Ни победителя, ни побежденного здесь не было и не будет. В спальне торжествовала любовь! Присцилла широко раскрыла глаза, но ничего вокруг не видела, кроме зрачков Карстена.
Ее тело торжествовало, принимая в себя толчками изливающуюся страсть молодого любовника. Жениха ли? Мужа? Какая разница!… Присцилла была на седьмом небе от счастья! Она прижимала к своей груди голову Карстена и бормотала слова любви, пока не восстановилось дыхание и не пришло желание вновь испытать необыкновенное чувство причастности к тайне великого мира любви!
Неужели такое бывает со всеми, неужели это чувство переживали ее мать и отец, и будут переживать ее дети? Как прекрасно жить на белом свете, какое сказочное Рождество подарил ей Карстен!
Присцилла вскочила с постели, зажгла еще с полдюжины свечей. Комната озарилась ярким светом.
Я – Женщина! Меня любит лучший в мире Мужчина!
За окном плотным занавесом опускался на землю снег. Шумел ветер в высоких кронах сосен, трещали обламывающиеся от тяжести снега ветви. Да и сам снег, казалось, издавал ровный приятный шум… Трещали в печи дрова, время от времени потрескивали свечи. Воздух в комнате был настоян на аромате хвои, пчелиного воска, зимней свежести. Но теперь ей хотелось большего! Например, выбежать на мороз, полюбоваться заснеженным парком, взглянуть на фьорд, на гавань, и, вернувшись, вновь испытать чувства, только что пережитые с таким восторгом. В теле нарастало возбуждение. Хотелось хоть как-то обмануть усталость и, слегка передохнув, вновь насладиться изысканными ласками.
Присцилла подошла к Карстену, сидящему голышом на постели и смотрящему на нее во все глаза, и потянула его за руку:
– Милый, пойдем гулять!
– А кофе, а пирожные?
– Я согласна выпить кофе, съесть пирожное и вдобавок поцеловать тебя на яхте! Идем, заодно посмотрим, сколько на палубе снега! Не хочу, чтобы под тяжестью сугробов «Присцилла» затонула. Средние глубины гавани знаешь? Уйдет на дно по самые стеньги!
– Ты же не хотела целоваться на яхте! – удивился Карстен.
– Да, а теперь передумала. С тяжелыми воспоминаниями надо не бороться, а мириться. Я часто была несправедлива по отношению к Харальду. Отец многое для меня делал. Притом деньги во всем этом играли далеко не главную роль. Он подарил мне дом, спроектированный моей матерью. В нем пришлось пережить горечь утраты единственного по-настоящему близкого мне человека. Но в доме были родные стены! А теперь у меня и на яхте родные переборки! Ты действительно меня любишь не из-за денег? И у нас будет брак не по расчету? Отвечай, негодяй! Позарился на миллиарды Харальда? Или как?…
– Последнее будет вернее, – улыбнулся Карстен. – Я полюбил тебя, как только вылез из вертолета и подошел к лодочному сараю. Какая такая сила меня туда понесла? Конечно, предчувствие любви! Харальд мне тебя такой и описывал. Мол, лучшая девушка на всем побережье, увидишь – сразу влюбишься.

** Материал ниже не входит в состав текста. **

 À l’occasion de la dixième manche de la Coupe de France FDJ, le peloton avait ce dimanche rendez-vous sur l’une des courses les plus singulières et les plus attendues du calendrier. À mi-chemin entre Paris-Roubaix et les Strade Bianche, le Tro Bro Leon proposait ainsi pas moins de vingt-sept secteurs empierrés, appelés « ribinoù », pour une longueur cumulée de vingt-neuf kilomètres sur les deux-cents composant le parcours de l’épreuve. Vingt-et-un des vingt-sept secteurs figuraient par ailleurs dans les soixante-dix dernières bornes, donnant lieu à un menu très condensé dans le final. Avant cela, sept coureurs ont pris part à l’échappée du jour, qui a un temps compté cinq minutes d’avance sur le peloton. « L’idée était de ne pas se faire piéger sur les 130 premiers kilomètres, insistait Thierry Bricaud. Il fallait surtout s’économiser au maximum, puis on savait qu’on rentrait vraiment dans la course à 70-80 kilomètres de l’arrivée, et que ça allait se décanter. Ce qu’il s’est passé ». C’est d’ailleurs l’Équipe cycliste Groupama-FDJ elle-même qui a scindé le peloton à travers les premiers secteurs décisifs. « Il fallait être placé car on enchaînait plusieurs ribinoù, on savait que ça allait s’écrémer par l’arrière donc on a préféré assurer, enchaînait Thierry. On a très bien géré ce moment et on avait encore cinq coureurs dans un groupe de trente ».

– А что он еще рассказывал обо мне?
– Ничего. Это все, что я от него слышал. А потом мы полдня обсуждали проблемы нефтедобычи. Согласись, смешно, если бы мы говорили о тебе дольше пяти минут!
– Ну, знаешь! Разве я примитивнее нефтяной вышки?

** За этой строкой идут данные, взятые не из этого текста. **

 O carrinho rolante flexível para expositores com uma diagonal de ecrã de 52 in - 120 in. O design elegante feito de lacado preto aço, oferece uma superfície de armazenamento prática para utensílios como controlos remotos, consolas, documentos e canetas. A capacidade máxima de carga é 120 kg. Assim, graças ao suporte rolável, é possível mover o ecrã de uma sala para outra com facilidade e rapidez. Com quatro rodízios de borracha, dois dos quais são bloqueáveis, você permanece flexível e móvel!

– Ха-ха, ну и сравнение! Достаточно одного взгляда, чтобы понять, какая ты славная. А вышку и за месяц целиком не рассмотришь! Ты горячая, а вышка холодная, глупенькая моя!
12
Карстен вытянул руки, обхватил Присциллу за талию, привлек к своему лицу ее нежный живот, поцеловал пупок и с самым серьезным выражением на лице произнес:
– Ладно, сейчас мы топаем в гавань, наводим порядок на палубе яхты, но потом… Потом ты навсегда выкидываешь из своей прелестной головки всякие глупости и немедленно настраиваешься на серьезный лад, поскольку тебе предстоит родить мне шайку морских разбойников, семерых сыновей. И сгребать снег с палубы будут уже они, а не я!